The fix above (i.e. everything after # end of reproduceable example) can be simplified to just deleting the kafka cluster and znode, deleting the logs pvc and re-deploying the kafka cluster and znode:

kubectl delete -f - <<EOF
---
apiVersion: zookeeper.stackable.tech/v1alpha1
kind: ZookeeperZnode
metadata:
  name: simple-kafka-znode
---
apiVersion: kafka.stackable.tech/v1alpha1
kind: KafkaCluster
metadata:
  name: simple-kafka
EOF

# now delete the pvc too: log-dirs-simple-kafka-broker-default-0
kubectl delete pvc log-dirs-simple-kafka-broker-default-0

kubectl apply -f - <<EOF
---
apiVersion: zookeeper.stackable.tech/v1alpha1
kind: ZookeeperZnode
metadata:
  name: simple-kafka-znode
spec:
  clusterRef:
    name: simple-zk
---
apiVersion: kafka.stackable.tech/v1alpha1
kind: KafkaCluster
metadata:
  name: simple-kafka
spec:
  image:
    productVersion: 3.3.1
    stackableVersion: 23.4.1
  clusterConfig:
    zookeeperConfigMapName: simple-kafka-znode
  brokers:
    roleGroups:
      default:
        replicas: 1
EOF
paulocabrita-ionos commented 1 year ago

I think the PVC is the issue. I deleted the PVC as you said, installed again and... it worked like a charm.

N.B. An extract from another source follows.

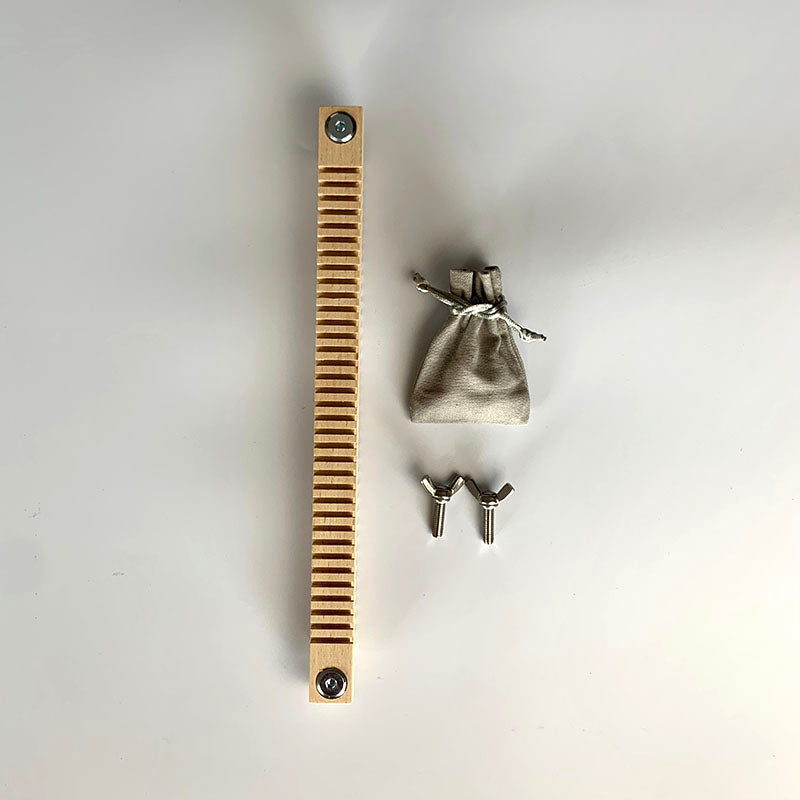 - Fully adjustable positioning on The Oxford Frame Loom as the heddle bar is attached to the side frames of the loom using wing nuts (the same system as on The Oxford Frame Loom)

adwk67 commented 1 year ago

/stackable/config/server.properties includes log.dirs=/stackable/data/topicdata and /stackable/data/topicdata contains the /stackable/data/topicdata/meta.properties file with contents such as cluster.id=DN1ekhLQQm68zv7-MsMriw, so it makes sense that deleting the logs pvc would clear the value of cluster.id.

adwk67 commented 1 year ago

To summarise:

Still to do:

adwk67 commented 1 year ago

This issue can be closed as deleting the ZNode (simple-kafka-znode) removes the cluster co-ordination state: if the ZNode is not deleted, the other steps (removing the kafka cluster, upgrading the operator and then deploying the kafka cluster) do not require the logs pvcs to be removed.